RECORDED INFORMATION:
________________________

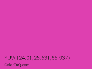 YUV 124.01,25.631,85.937 Color is a normal magenta color and the nearest color is Frostbite #e936a7. Hex code #de40b0 and RGB value is rgb(222,64,176). In RGB color space, this color is composed of 87% red, 25% green, 69% blue, In CMYK color space, this color is composed of 0% cyan, 71% magenta, 21% yellow , 13% black , In HSL color space, this color has a hue angle of 317° , 71% saturation and 56% lightness.
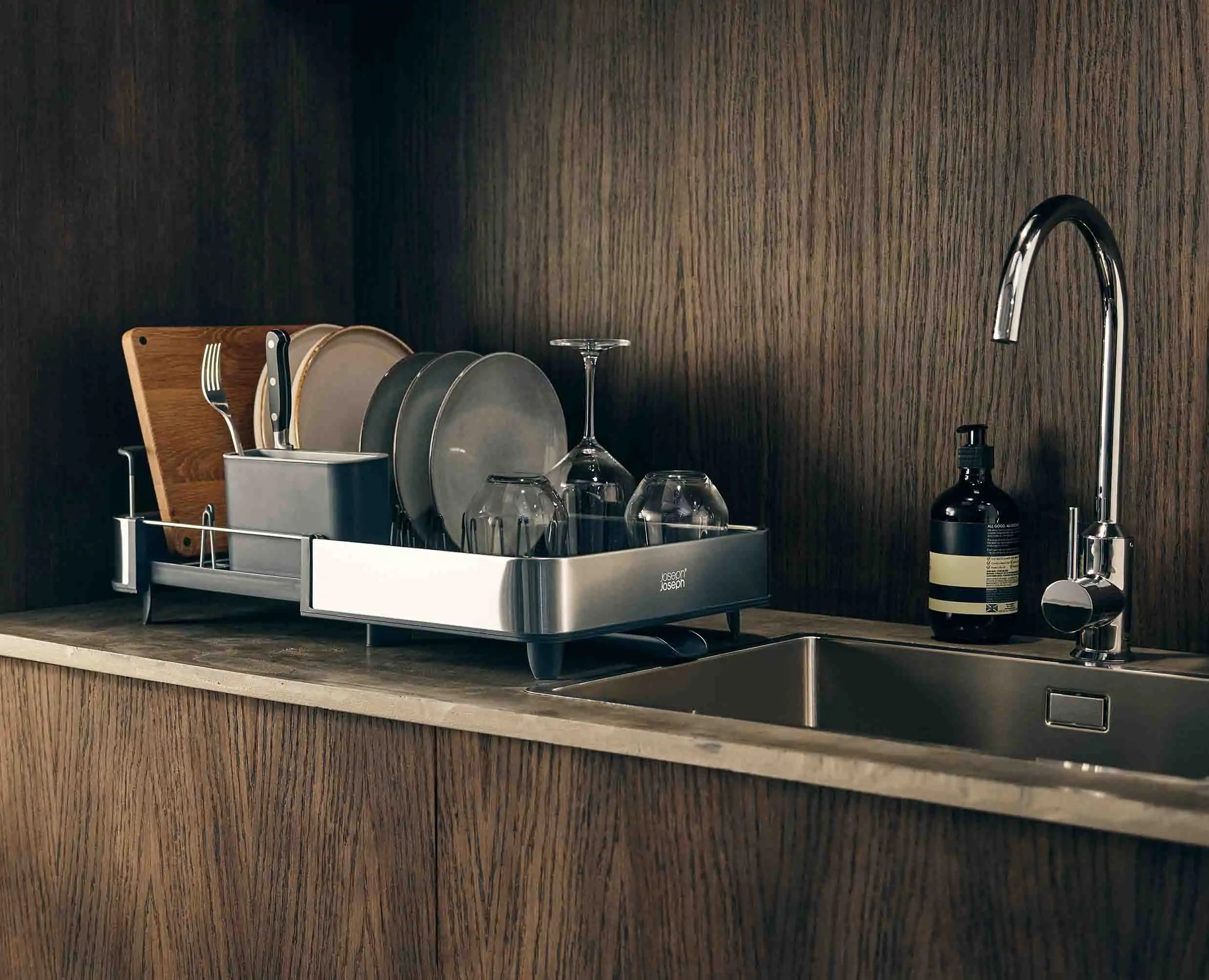 We created Extend™ to make doing the dishes a much easier task. Our expandable dish drainer extends to twice its size to fit more items. What’s more, it has a movable spout to drain water, a dedicated draining space for cutlery and raised ribs that prevent water from becoming trapped under glasses and bowls.
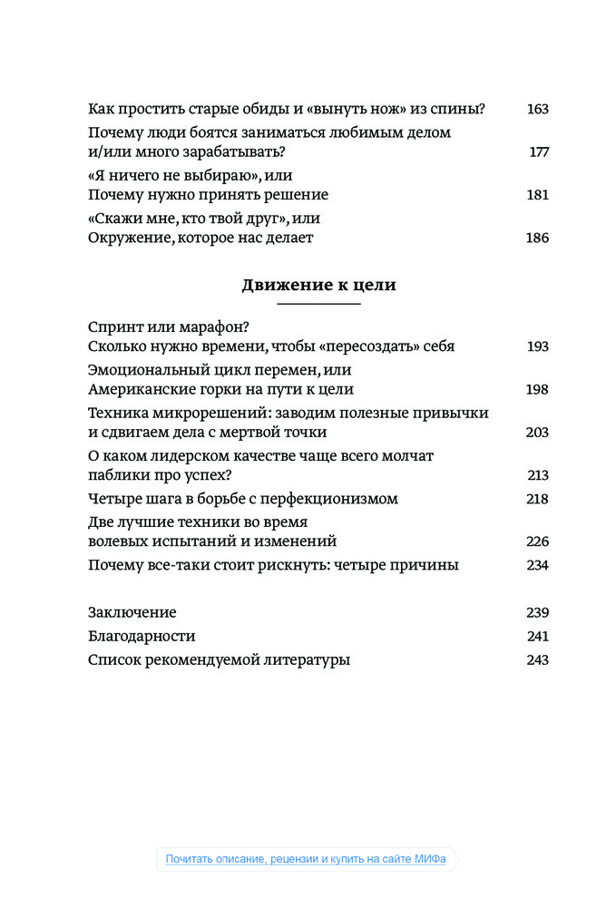Для тех, кто ищет мотивацию, находится в тупике или просто не знает, что делать - лучше книги не найти. Эту книгу я бы рекомендовал перечитывать каждый год, чтобы не забывать те истины, которые в ней описаны. Очень классная книга по данной теме.
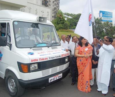 Movement on adultration: AP state minister for Civil Supplies K.V Krishna Reddy flaged - off the newly introduced mobile fuel analysing unit vehicle to check adulteration in petrol pumps at a programme held in Ravindra Bharati in Hyderabad on Monday.

________________________

For this exercise, please set down exactly the lines of the listing above from the line with "We created Extend™" up to and including the line with "Для тех, кто", and no pictures.

WRITTEN SOLUTION:
 We created Extend™ to make doing the dishes a much easier task. Our expandable dish drainer extends to twice its size to fit more items. What’s more, it has a movable spout to drain water, a dedicated draining space for cutlery and raised ribs that prevent water from becoming trapped under glasses and bowls.
Для тех, кто ищет мотивацию, находится в тупике или просто не знает, что делать - лучше книги не найти. Эту книгу я бы рекомендовал перечитывать каждый год, чтобы не забывать те истины, которые в ней описаны. Очень классная книга по данной теме.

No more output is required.